*** Opening of Supplied data ***

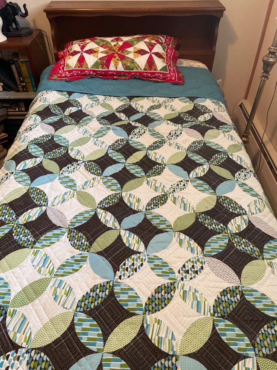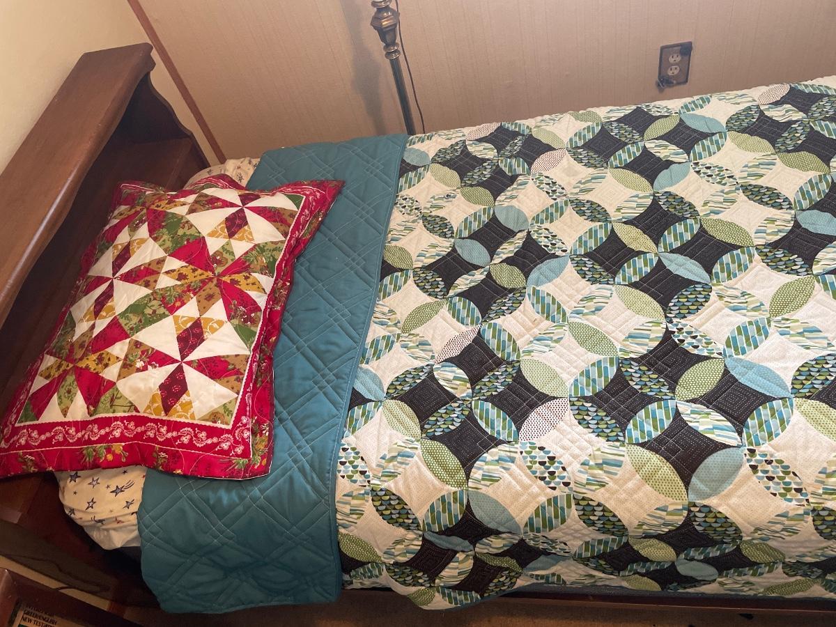 Twin bed with wood headboard
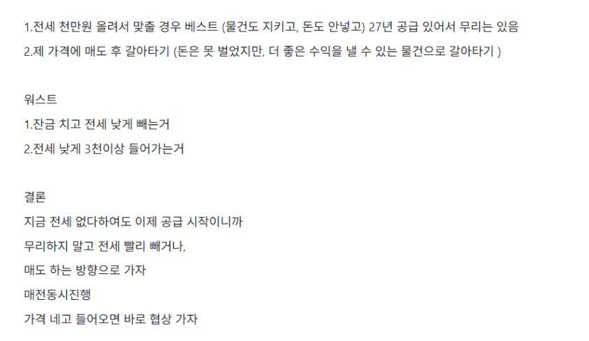2.전세가격에 욕심 내지 않고 빨리 빼는 방향으로 잡기
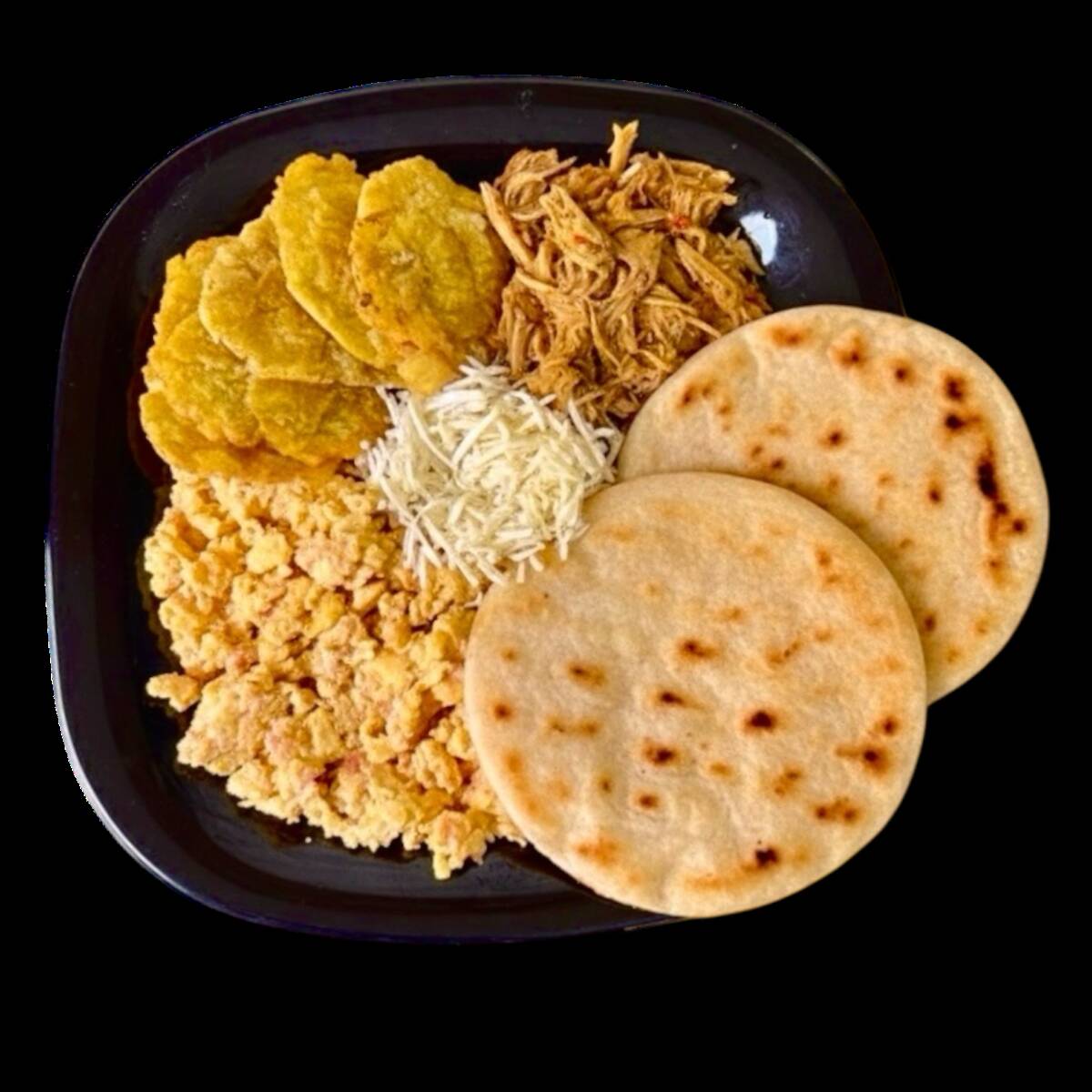 1 Arepa delgada, Huevos Perico (revueltos con tomate y cebolla), Tostones (platano verde frito), Carne deshebrada y Queso.
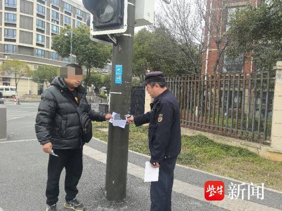 当日中午12时许,沿江大队巡查队员对辖区主次干道、交叉路口等重点区域开展常态化巡查,在侨康路与兰山路交叉路口,巡查队员发现一名男子手持一沓小广告,快速在路边公交站台、路灯杆等公共设施上张贴,动作隐蔽且迅速。

*** Close of Supplied data ***

* _Problem requirements_: Without any of its pictures, the listing is to be repeated exactly as it stands.

* _Exercise response_:
 Twin bed with wood headboard
2.전세가격에 욕심 내지 않고 빨리 빼는 방향으로 잡기
 1 Arepa delgada, Huevos Perico (revueltos con tomate y cebolla), Tostones (platano verde frito), Carne deshebrada y Queso.
 当日中午12时许,沿江大队巡查队员对辖区主次干道、交叉路口等重点区域开展常态化巡查,在侨康路与兰山路交叉路口,巡查队员发现一名男子手持一沓小广告,快速在路边公交站台、路灯杆等公共设施上张贴,动作隐蔽且迅速。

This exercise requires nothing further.